How to use the data set
This supplementary data set contains: a) the metadata with anonymized participant information, b) the raw electromyographic (EMG) data acquired during locomotion, c) the touchdown and lift-off timings of the recorded limb, d) the filtered and time-normalized EMG, e) the muscle synergies extracted via non-negative matrix factorization and f) the code written in R (R Found. for Stat. Comp.) to process the data, including the scripts to calculate the short-term Maximum Lyapunov Exponents (sMLE) and Higuchi's fractal dimension (HFD) of motor primitives. In total, 476 trials from 86 participants are included in the supplementary data set.
The file “participant_data.dat” is available in ASCII and RData (R Found. for Stat. Comp.) format and contains:
Code: the participant’s code
Experiment: the experimental setup in which the participant was involved (E1 = walking and running, overground and treadmill; E2 = walking and running, even- and uneven-surface; E3 = unperturbed and perturbed walking, young and old)
Group: the group to which the participant was assigned (see methods for the details)
Sex: the participant’s sex (M or F)
Speed: the speed at which the recordings were conducted in m/s
Age: the participant’s age in years (participants were considered old if older than 65 years, but younger than 80)
Height: the participant’s height in [cm]
Mass: the participant’s body mass in [kg].
The "RAW_DATA.RData" R list consists of elements of S3 class "EMG", each of which is a human locomotion trial containing cycle segmentation timings and raw electromyographic (EMG) data from 13 muscles of the right-side leg. Cycle times are structured as data frames containing two columns that correspond to touchdown (first column) and lift-off (second column). Raw EMG data sets are also structured as data frames with one row for each recorded data point and 14 columns. The first column contains the incremental time in seconds. The remaining 13 columns contain the raw EMG data, named with the following muscle abbreviations: ME = gluteus medius, MA = gluteus maximus, FL = tensor fasciæ latæ, RF = rectus femoris, VM = vastus medialis, VL = vastus lateralis, ST = semitendinosus, BF = biceps femoris, TA = tibialis anterior, PL = peroneus longus, GM = gastrocnemius medialis, GL = gastrocnemius lateralis, SO = soleus. Please note that the running overground trials of participants P0001 and P0009 and the second uneven-surface running trial of participant P0048 consist of 22, 27 and 23 cycles, respectively. All the other trials consist of 30 gait cycles. Trials are named like “P0053_OW_02”, where the characters “P0053” indicate the participant number (in this example the 53rd), the characters “OW” indicate the locomotion type (E1: OW=overground walking, OR=overground running, TW=treadmill walking, TR=treadmill running; E2: EW=even-surface walking, ER=even-surface running, UW=uneven-surface walking, UR=uneven-surface running; E3: NW=normal walking, PW=perturbed walking), and the numbers “02” indicate the trial number (in this case the 2nd). The 10 trials per participant recorded for each overground session (i.e. 10 for walking and 10 for running) were concatenated into one. The filtered and time-normalized EMG data are named, following the same rules, like “FILT_EMG_P0053_OG_02”.

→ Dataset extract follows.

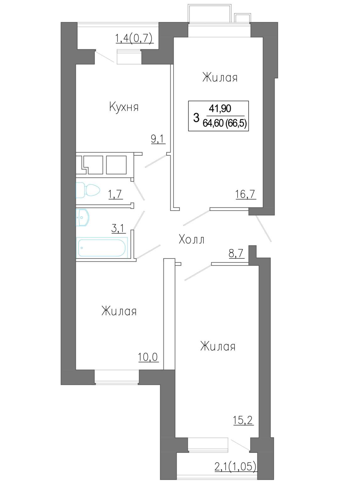 Площадь общая | 66.5 |

Old versions not compatible with the R package musclesyneRgies
The files containing the gait cycle breakdown are available in RData (R Found. for Stat. Comp.) format, in the file named “CYCLE_TIMES.RData”. The files are structured as data frames with 30 rows (one for each gait cycle) and two columns. The first column contains the touchdown incremental times in seconds. The second column contains the duration of each stance phase in seconds. Each trial is saved as an element of a single R list. Trials are named like “CYCLE_TIMES_P0020,” where the characters “CYCLE_TIMES” indicate that the trial contains the gait cycle breakdown times and the characters “P0020” indicate the participant number (in this example the 20th). Please note that the overground trials of participants P0001 and P0009 and the second uneven-surface running trial of participant P0048 only contain 22, 27 and 23 cycles, respectively.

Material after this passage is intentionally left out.